- _Problem requirements_: Could you return the data that follows exactly, minus the images?

- _Information shown_:
◆ ◆ ◆ ◆
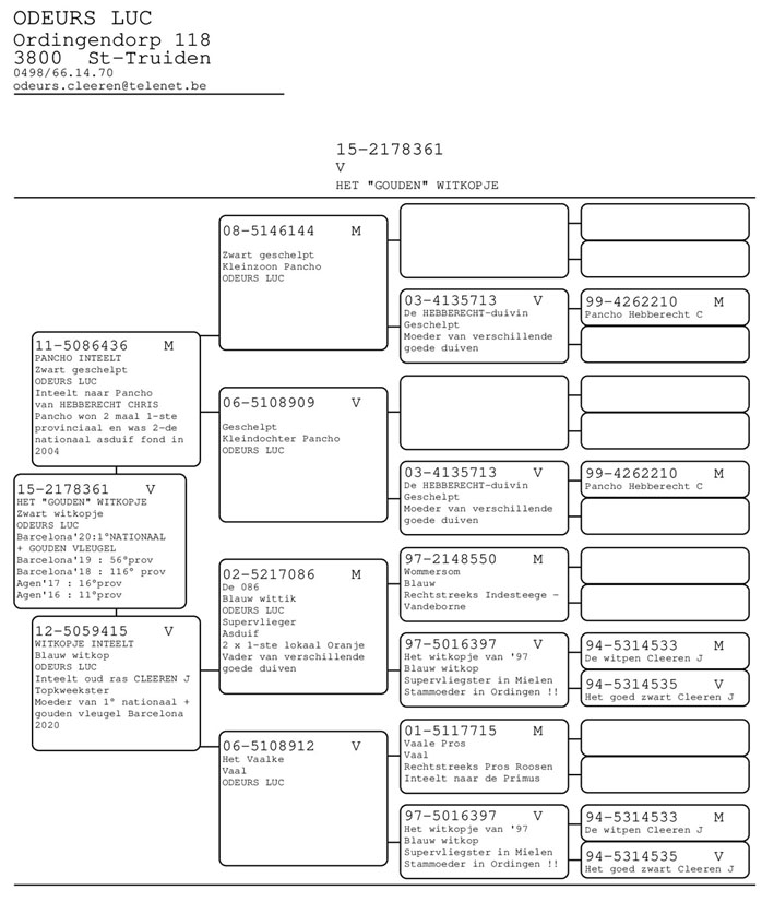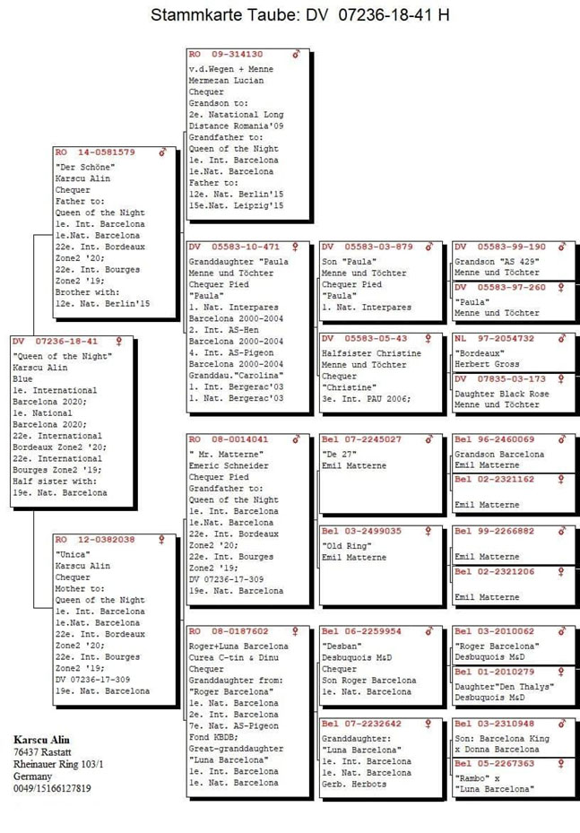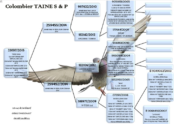 另外這羽雌鴿還在2018年巴塞羅納比利時7438羽918名。2019年獲得巴賽隆納比利時7301羽全國253名。2017年阿讓國際賽12.007羽國際615名!
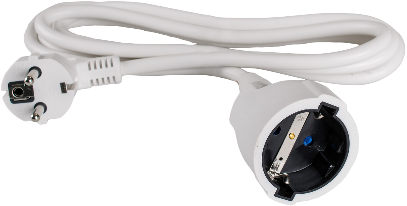 Prolongación de 4m bipolar con toma de tierra lateral 2Polos, 16A 250V, con cable 3G1,5. Potencia máxima admisible 3680W, con pozo de protección, base aérea inyectada, espigas de 4,8mm de diámetro.
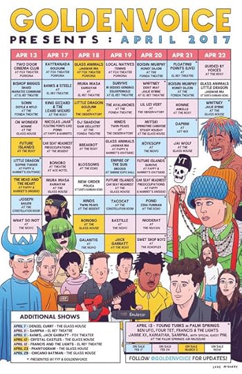 FYF PRESENTS4/7 - Denzel Curry at the Glasshouse - on sale 2/174/13 - Young Turks in Palm Springs with Jamie XX, Four Tet, and more at the Palm Springs Air Museum - on sale 2/174/13 - Future Islands at the Roxy - on sale 3/34/13 - Little Dragon, Sofi Tukker at Pappy & Harriet's - on sale 2/174/13 - The Head & The Heart at Pappy & Harriet's - on sale 3/34/17 - Nicolas Jaar, Floating Points, Pond at Pappy & Harriet's - on sale 2/244/19 - Glass Animals, Jagwar Ma at Pappy & Harriet's - on sale 2/244/19 - Future Islands, Car Seat Headrest at Glasshouse - on sale 2/244/19 - S U R V I V E, M Geddes Gengras, SSLEEPERHOLD at the El Rey - on sale 2/174/20 - Swet Shop Boyz at the Echoplex - on sale 2/244/20 - POND, Ezra Furman at the Echo - on sale 2/174/20 - Car Seat Headrest, Preoccupations at Pappy & Harriet's - on sale 2/244/20 - Future Islands, S U R V I V E at Pappy & Harriet's - on sale 2/244/20 - Whitney, Dent May, Julie Byrne at El Rey - on sale 2/244/21 - Floating Points (Live) at El Rey - on sale 2/174/21 - Daphni at Lot 613 - on sale 2/174/22 - Whitney, Julie Byrne at the Glasshouse - on sale 2/17For ticket information and the complete list of FYF shows, visitfyfpresents.com. A full list of the April shows can be found here.
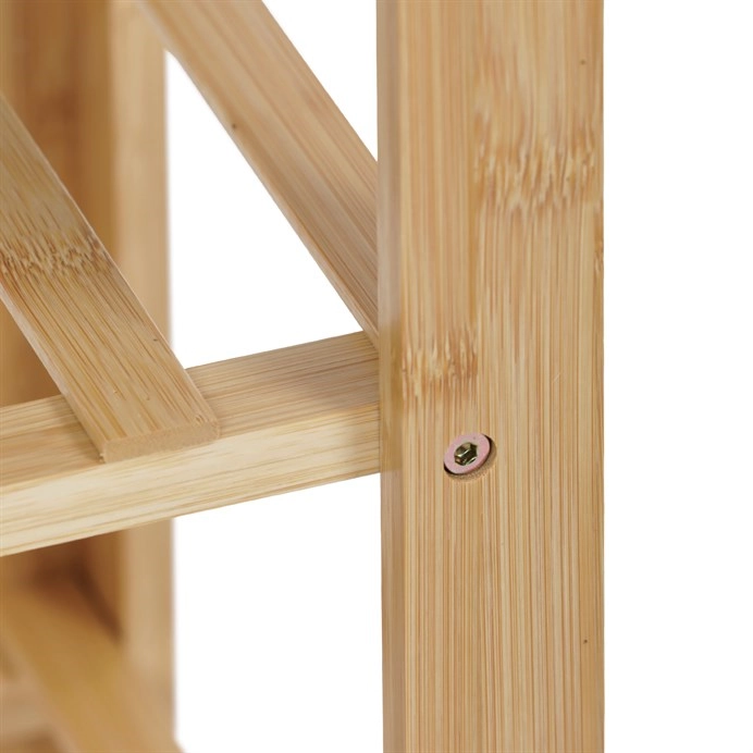 Tento elegantní botník kombinuje skandinávský styl s praktickým designem. Vyroben z masivního bambusu v přírodní barvě, nabízí dvě prostorné police pro vaši obuv.
◆ ◆ ◆ ◆
- _Expected output_:
 另外這羽雌鴿還在2018年巴塞羅納比利時7438羽918名。2019年獲得巴賽隆納比利時7301羽全國253名。2017年阿讓國際賽12.007羽國際615名!
 Prolongación de 4m bipolar con toma de tierra lateral 2Polos, 16A 250V, con cable 3G1,5. Potencia máxima admisible 3680W, con pozo de protección, base aérea inyectada, espigas de 4,8mm de diámetro.
 FYF PRESENTS4/7 - Denzel Curry at the Glasshouse - on sale 2/174/13 - Young Turks in Palm Springs with Jamie XX, Four Tet, and more at the Palm Springs Air Museum - on sale 2/174/13 - Future Islands at the Roxy - on sale 3/34/13 - Little Dragon, Sofi Tukker at Pappy & Harriet's - on sale 2/174/13 - The Head & The Heart at Pappy & Harriet's - on sale 3/34/17 - Nicolas Jaar, Floating Points, Pond at Pappy & Harriet's - on sale 2/244/19 - Glass Animals, Jagwar Ma at Pappy & Harriet's - on sale 2/244/19 - Future Islands, Car Seat Headrest at Glasshouse - on sale 2/244/19 - S U R V I V E, M Geddes Gengras, SSLEEPERHOLD at the El Rey - on sale 2/174/20 - Swet Shop Boyz at the Echoplex - on sale 2/244/20 - POND, Ezra Furman at the Echo - on sale 2/174/20 - Car Seat Headrest, Preoccupations at Pappy & Harriet's - on sale 2/244/20 - Future Islands, S U R V I V E at Pappy & Harriet's - on sale 2/244/20 - Whitney, Dent May, Julie Byrne at El Rey - on sale 2/244/21 - Floating Points (Live) at El Rey - on sale 2/174/21 - Daphni at Lot 613 - on sale 2/174/22 - Whitney, Julie Byrne at the Glasshouse - on sale 2/17For ticket information and the complete list of FYF shows, visitfyfpresents.com. A full list of the April shows can be found here.
 Tento elegantní botník kombinuje skandinávský styl s praktickým designem. Vyroben z masivního bambusu v přírodní barvě, nabízí dvě prostorné police pro vaši obuv.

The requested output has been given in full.